Nevermore frowns. "Lost trying to tell me? I mean, if you can't or don't want to, that's fine - I know how important secrets are with this stuff. But if you're just not sure how to say it, just be straight. I swear, I've heard weirder."

"No, I mean, that's what we're called. You were sorta on th'right track with bein' stolen away t'a kingdom, except fairy tales are horrifying and fairies are dickheads."

They blink. "Oh. Oh. They grimace. "Sorry. Now I feel kind of shitty for being flip about the goblin prince thing."

"Why? You didn't know!" He looks relieved that they connected the dots, reclining on his forearms once again. Jude stretches his legs out in front of him, using one foot against the other to kick his boots off. "Don't feel bad, serious. I wanna know more about ghosts. Ghosts are real, then?"

Nevermore nods. "Ghosts and spirits, both. Ghosts are... some of the books I've read think they're parts of people left behind. Others say they're more like... echoes. A lingering reflection, but not really there any longer. Most of the ones I've met have... felt more like the latter, but some..." They shrug, looking out into the distance for a moment.

Jude lifts a hand, his expression masked in confidence. "You don't have to explain spirits to me," he assures Nevy. "Myra taught me about them. They're in the Twilight." He looks extremely proud of himself.

Nevermore nods, face straight. "All seeking an audience with Lord Jacob or Viscount Edward."

Jude blinks - but then he points at Nevy, grinning. "Ahhhh, you can't trick me! That's the other Twilight. Nice try!"

They blink at him innocently. "Other twilight? You're not talking about 50 shades, are you?"

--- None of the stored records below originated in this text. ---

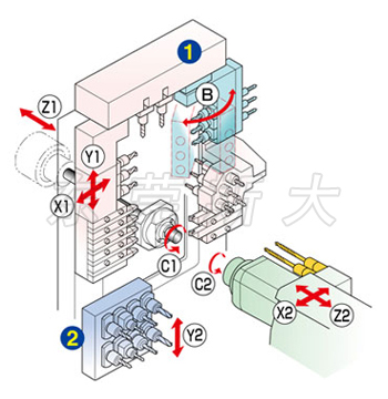 | 四、斯大走心機(jī)SR-20RIVtypeB了進(jìn)一步實(shí)現(xiàn)多樣化復(fù)合加工,充實(shí)了背面?zhèn)鹊墓δ,從而在背面刀架臺(tái)配備8軸鉆孔單元,并搭載Y2軸控制作為標(biāo)配,在刀架臺(tái)上備有可通過(guò)操作系統(tǒng)控制的角度可變化的B軸動(dòng)力單元,使得刀具可在工件外圓和端面上任意角度加工傾斜表面。 | |||
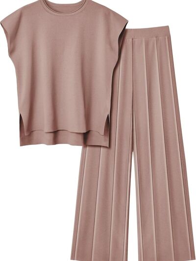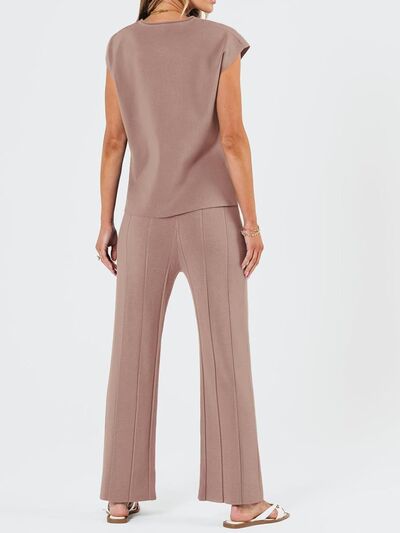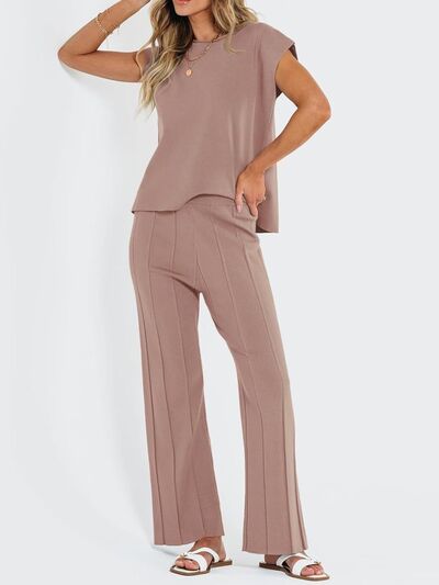 Casual Solid Color Cap Sleeve Top and Pants Knit Set
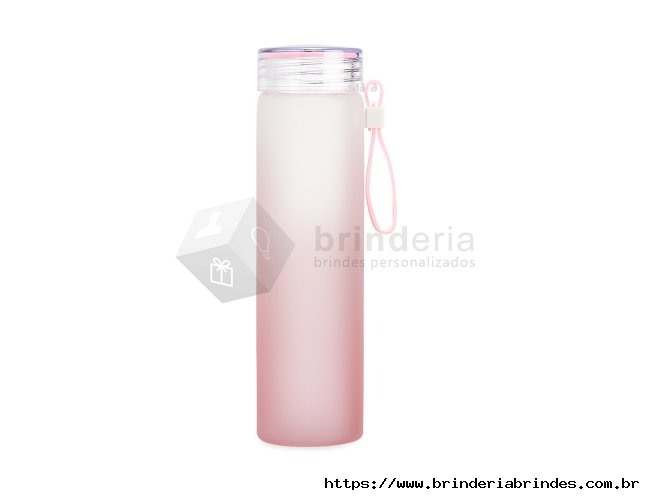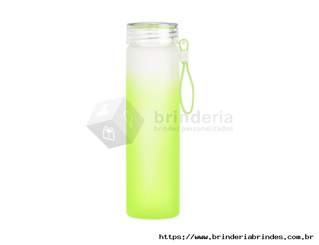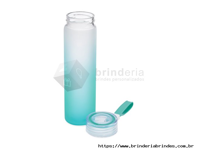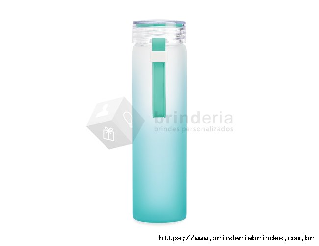 Garrafa de vidro jateado bicolor, capacidade de 450ml. Contém alça de silicone.

He gives her a shit-eating grin. "Why, that your safe phrase?"

They grimace and shudder. "No thank you. If I have a kink, unhealthy, controlling and abusive relationships aren't it."

"Good, I didn't wanna have t'stage an intervention. What did th'other ghosts feel like?" His expression is patient. Earnest. "You said 'but some'....some what?"

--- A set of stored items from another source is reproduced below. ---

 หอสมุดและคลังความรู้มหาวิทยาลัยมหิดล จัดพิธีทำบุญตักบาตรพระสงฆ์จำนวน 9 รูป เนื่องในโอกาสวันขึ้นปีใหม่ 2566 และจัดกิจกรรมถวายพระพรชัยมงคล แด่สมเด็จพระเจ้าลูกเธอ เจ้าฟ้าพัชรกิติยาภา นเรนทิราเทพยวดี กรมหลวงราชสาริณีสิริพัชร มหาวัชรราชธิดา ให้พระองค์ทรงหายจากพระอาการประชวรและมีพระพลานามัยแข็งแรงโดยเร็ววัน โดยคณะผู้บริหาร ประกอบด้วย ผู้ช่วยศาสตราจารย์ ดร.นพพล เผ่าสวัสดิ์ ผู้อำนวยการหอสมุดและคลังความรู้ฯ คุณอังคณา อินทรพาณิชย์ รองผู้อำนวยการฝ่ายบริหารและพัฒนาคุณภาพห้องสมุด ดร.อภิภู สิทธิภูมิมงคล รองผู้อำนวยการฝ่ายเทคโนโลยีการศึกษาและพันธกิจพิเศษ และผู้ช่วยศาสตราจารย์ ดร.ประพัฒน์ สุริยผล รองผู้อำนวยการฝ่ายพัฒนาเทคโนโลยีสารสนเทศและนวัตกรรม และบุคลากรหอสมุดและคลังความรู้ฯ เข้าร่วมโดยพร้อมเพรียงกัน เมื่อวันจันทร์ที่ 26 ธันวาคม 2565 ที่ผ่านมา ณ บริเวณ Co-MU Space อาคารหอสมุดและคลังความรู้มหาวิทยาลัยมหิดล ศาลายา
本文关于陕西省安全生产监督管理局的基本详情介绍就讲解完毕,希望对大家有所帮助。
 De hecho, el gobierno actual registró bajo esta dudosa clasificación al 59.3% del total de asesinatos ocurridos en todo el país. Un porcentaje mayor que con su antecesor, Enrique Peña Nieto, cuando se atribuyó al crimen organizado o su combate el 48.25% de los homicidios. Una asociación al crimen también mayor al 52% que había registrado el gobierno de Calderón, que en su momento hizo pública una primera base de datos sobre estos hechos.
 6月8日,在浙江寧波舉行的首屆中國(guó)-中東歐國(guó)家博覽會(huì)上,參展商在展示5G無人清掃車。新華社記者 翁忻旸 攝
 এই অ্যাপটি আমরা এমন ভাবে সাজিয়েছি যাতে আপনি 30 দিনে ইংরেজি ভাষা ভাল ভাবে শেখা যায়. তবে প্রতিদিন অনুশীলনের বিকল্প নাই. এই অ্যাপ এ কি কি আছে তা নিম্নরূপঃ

They smile. "Family," They say. "My grandma helped keep an eye on me while I was growing up. She passed when I was little, but she didn't let it slow her down too much."

He gives her a gentle smile, nodding. "What was that like? Was it comforting, or just...kinda unsettling?"

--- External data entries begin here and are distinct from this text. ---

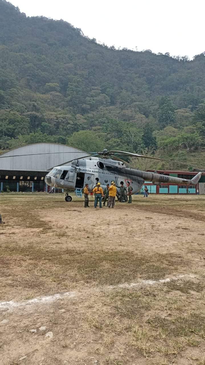 Oaxaca de Juárez.- 9 de junio.- Para reforzar los trabajos de combate del incendio por tierra que se realizan en San José Tenango, en la región de la Sierra de Flores Magón, arribó el helicóptero de la Secretaría de la Defensa Nacional (Sedena), informó el Gobierno del Estado a través de la Comisión Estatal Forestal (Coesfo).
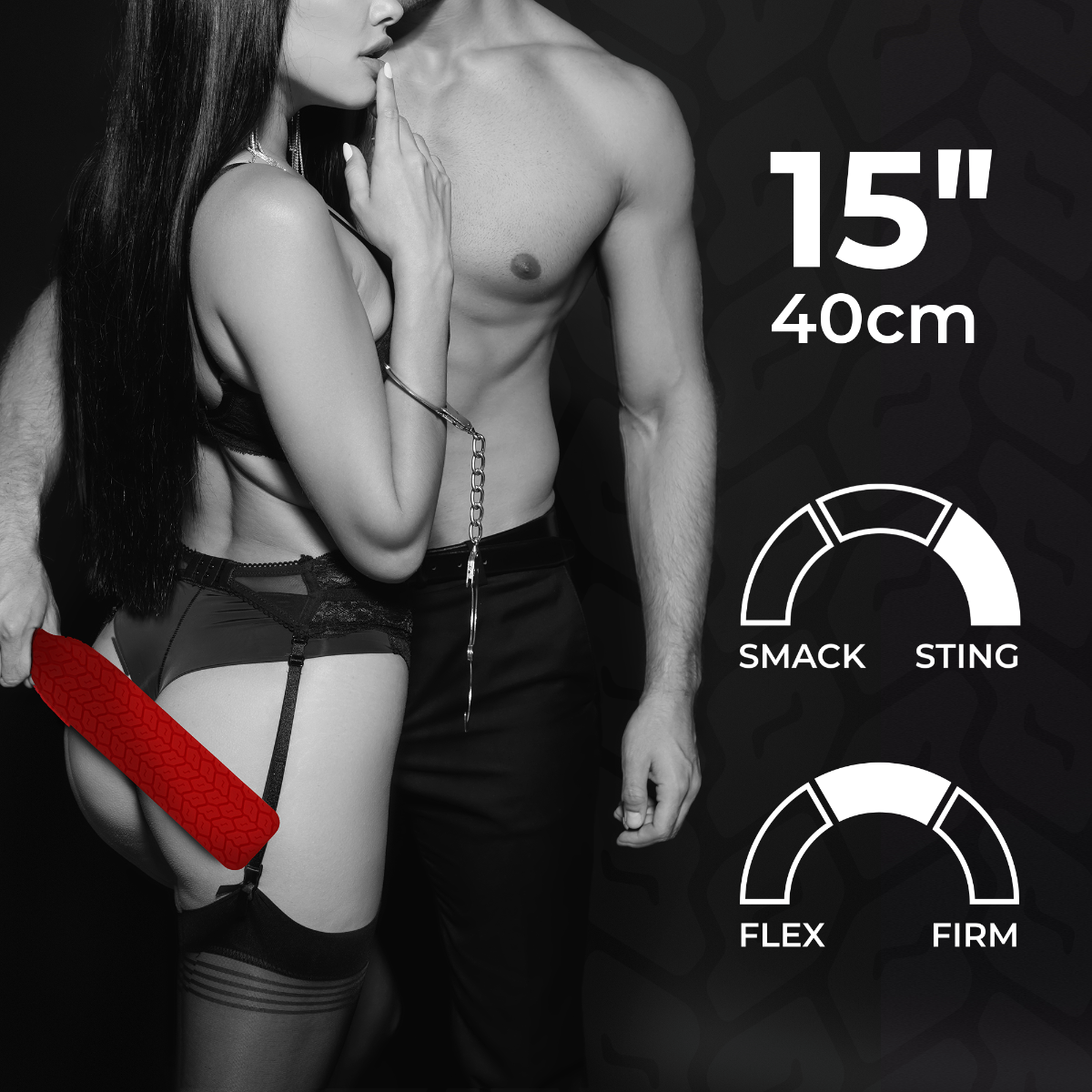 Perfect for experimentation or seasoned spanking enthusiasts this vegan waterproof paddle is double-sided so you can choose the sensation – sleek and smooth or rugged tyre-textured. Whether you leave an impression or not is down to you.
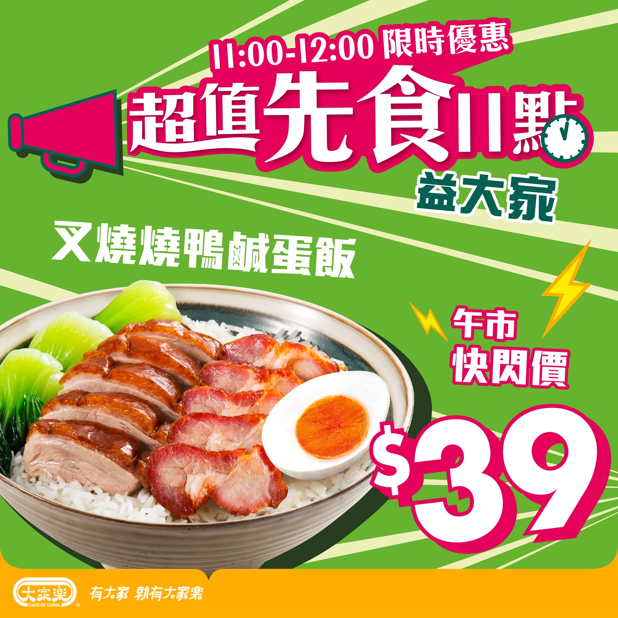 大家樂一直都了解你想點,所以大大份夠晒滿足嘅「午市先食11點」為你帶嚟─叉燒燒鴨鹹蛋飯
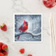 A red cardinal bird singing on a winter tree branch singing with musical notes
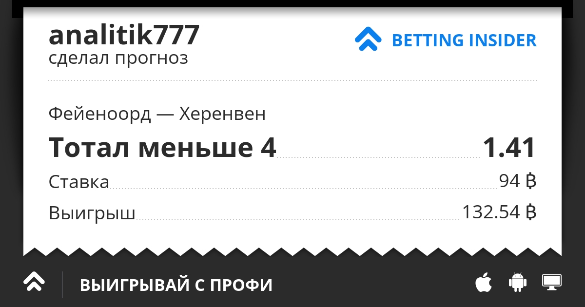 Фейеноорд встречается с хервен а я беру 4меньше и не парюсь) думаю тут счёт 3-0;2-1;0-1 но рисковать не нужно а нужно выигрывать поэтому беру 4тм и без рисков для бабла делаю ставку, анализа не будет тк дома явный фаворит, аутсайдер в гостях всем и так всё понятно, ставим лайк, под писываемся на меня и у вас будет много бабла!) успехов друзья!)
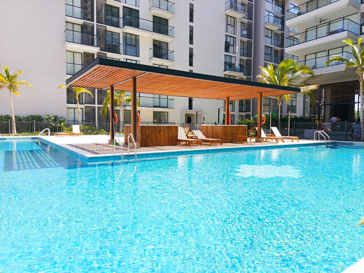Pour les couples et les familles à la recherche du meilleur emplacement. Un lieu avec toutes les installations d'une maison et le confort d'un hôtel. Piscine spectaculaire avec bar, restaurant, salle de sport et jeux pour les enfants. Vous serez à seulement quelques pas de la meilleure plage et le prix de votre séjour comprend des parasols, des chaises et des serviettes. De l'appartement, vous pouvez marcher jusqu'au supermarché et à une grande variété de restaurants dans le centre commercial Zazué. Le centre-ville est à 10 minutes de taxi.

"I mean... it was normal. To me, anyway. Later on, when people started telling me it was weird..." They shrug.

"Ugh, yeah. So people tried to ruin it." He gives a slight shake of his head. "Well. I think it's pretty fuckin' great. Fuck them."

Nevy smirks. "Why do you think I'm goth? When I talk about speaking about ghosts, they either think I'm being deep or edgy."

"What, you can't multitask?" He grins, reaching forward to pull off his socks. He thus wriggles his bare feet in the grass with a delighted sort of sound. "Be deep and edgy."

Nevy laughs. "That's what I say! There's room to be sublime and ridiculous."

"Yeah, you really gotta branch out. Like, I work real hard on makin' sure I'm brooding and sensitive."

Nevy chuckles. "Brooding and sensitive and with that hair? Geeze, are you trying to kill everyone you know who's attracted to guys?"

"I mean," he appears to consider that a moment, rubbing a hand along his jaw. "...Yeah. I can't help it."

Nevy laughs. "Should I be ready to tell your victims' unquiet shades you're sorry?"

He winces, giving her a look of sympathy. "Oh, I didn't think about that. I'd be makin' more work for you, huh? Last thing I want is a bunch of poor, dead bastards knockin' down your door t'cry about me."

Nevy chuckles. "Nah, don't worry about it. More stories to tell. Alas, the doomed love!" They throw back their head with a melodramatic hand thrown up to their forehead, then break down into giggles.

He chuckles along, stretching out once again on the lawn. "Huh. Spirits and ghosts are real, there's vampires and wizards - wait, no. Shamans," he corrects himself. "I've learned a lotta shit in the past few weeks, damn."

"If you want to call them something, 'mages' is probably your best bet. But yeah. There are more things in Heaven and on Earth, Horatio."